Now, what are you looking for when assessing these libraries? What you are looking for is the Gaussian [sp] distribution of fragments, good intensity of your library peak, well-resolved lower and upper markers, good fluorescence intensity of both markers, no peak overlapping with either marker, as well as a flat baseline.
Furthermore, what you would also like to see is minimal to none of the excess adapter peak, which you will find anywhere from 100 bases and below.
Running the adapter-ligated cDNA library on the DNA chip ensures that the library was properly converted to cDNA, that adapters were sufficiently ligated. Inefficient adapter ligation will result in poor library complexity and high duplication rate.
As for the optional size selection step, what we are looking for again would be the library yield and distribution. And again, this can be done with the use of the DNA 1000 assay.
What are you looking for when assessing this library? Again, very important here would be the distribution of fragments as well as the concentration of the libraries because of the potential to lose sample during the extraction and purification process.
You want a good intensity of your library peak and narrow distribution that corresponds with the gel-selected size, well-resolved lower and upper marker, good fluorescence intensity of your lower marker, no peak overlap with either marker, as well as the flat baseline.
Running the size-selected cDNA library ensures that the size-selected fragments are of the correct size and that sample loss due to gel-based size selection is minimal. Incorrect selection of fragments leads to potential incompatibility of library with a preferred read length, wherein reads will run into the adapter region. Too much sample loss will also compromise library complexity, leading to high duplication rates.
And finally, for QC step three, this is the quality control for the prepped RNA Seq library. And again, we are looking for good library yield as well as distribution. This is done still with the DNA 1000 assay.

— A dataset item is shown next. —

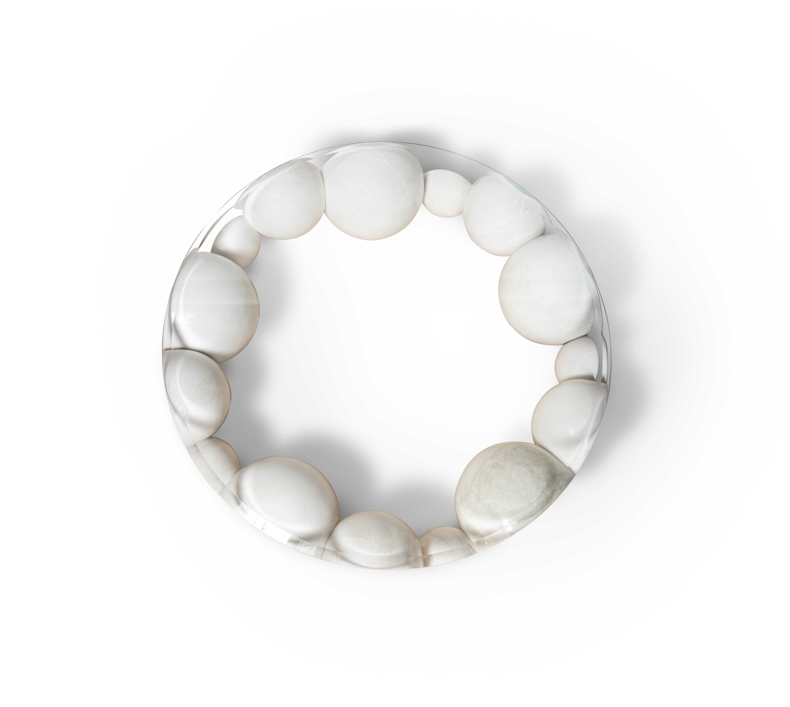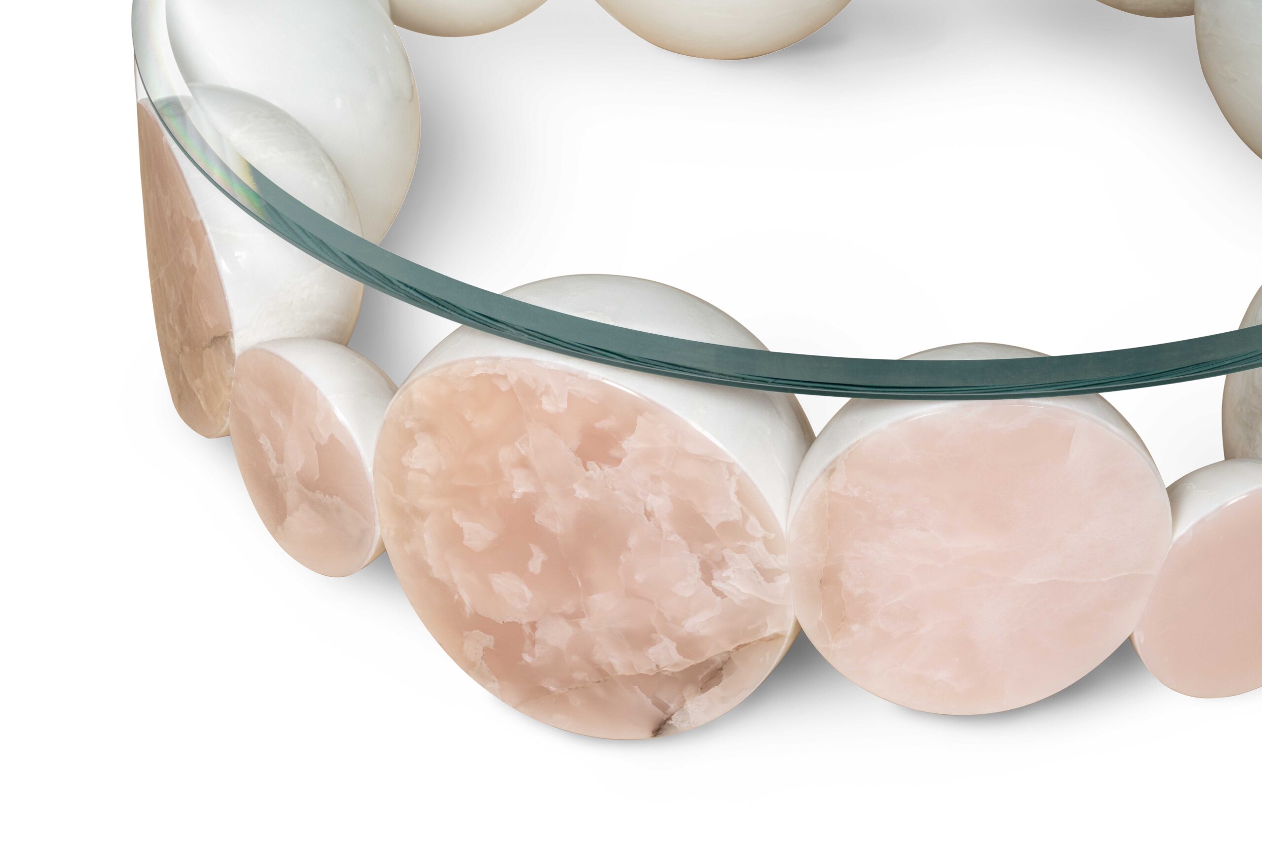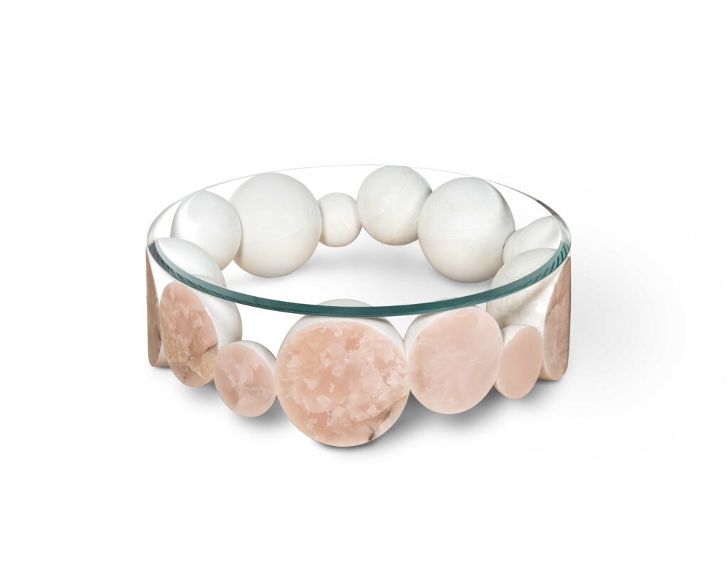 Eric Carlson – CarbondalePrecious Coffee Table, inspired by the iconic cultured pearl bracelet. The fourteen, unique pearls that compose it are made of blocks of White Namibia marble, joined together. The front of the pearls is made of Pink Onyx, to give further value to the table. The extra-clear glass top reveals the pearl bracelet in its entirety. PERLES Coffee Table is the flagship of the collection. Perles Coffee Table is the centerpiece of the collection. Highly complex, it embodies artisanal mastery and refined materials.

What we are looking for here is the Gaussian distributuion of fragments with good intensity of library peak, narrow distribution if size selection was implemented, well-resolved lower and upper marker, good fluorescence intensity of both markers, no overlapping peaks with either markers, as well as a flat baseline.

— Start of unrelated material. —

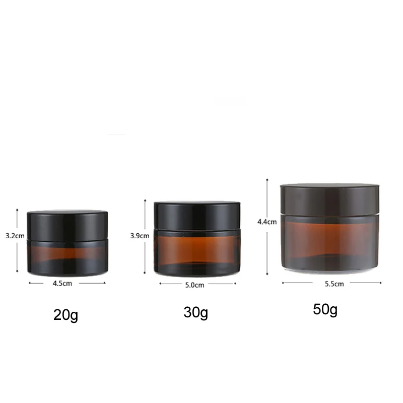 Баночки для косметики из янтарного стекла 5g, 5 шт., 10 г, 1 5g, 20 г, 30 г, 50 г, с белыми внутренними вкладышами и черными крышками, контейнерный горшок для крема

Assessment of the amplified library allows for estimation of success of the library preparation, determination of yield to calculate required dilution for optimal cluster generation, and finally the selection of the proper read length for sequencing based on the approximate insert slides.
At this point, I would like to summarize all these topics that were touched upon during this talk. As a summary, RNA Seq is a highly sensitive deep sequencing technology that allows for single-base resolution in identifying nucleotide variants on the transcript level as well as enabling study of differential gene expression and alternative splicing.

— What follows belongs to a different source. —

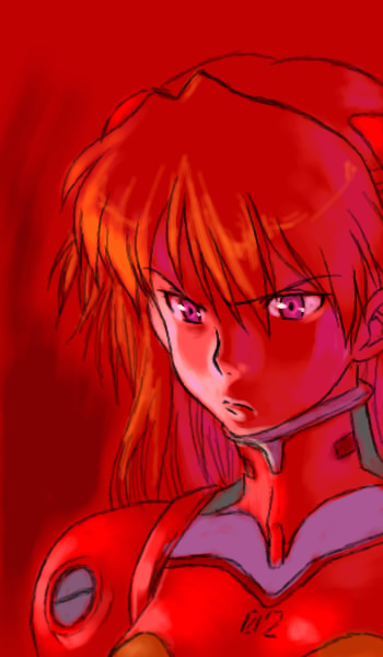 1girlangrybodysuitbreastsfemale focuslong hairmecha pilot suitpink eyesplugsuit (evangelion)red backgroundred bodysuitred hairserioussoloupper body

Quality of input RNA and the libraries as a whole impact the success of the workflow, quality of sequencing, and quality of the RNA Seq data that is generated, and finally, that the 2100 Bioanalyzer is a key instrument in assessing both the input RNA and the resulting cDNA libraries with a simple and easy workflow, assays that are tailored to specific needs, and a user-friendly software that generates easily understandable results.
Thank you very much, and I hope you have a good day.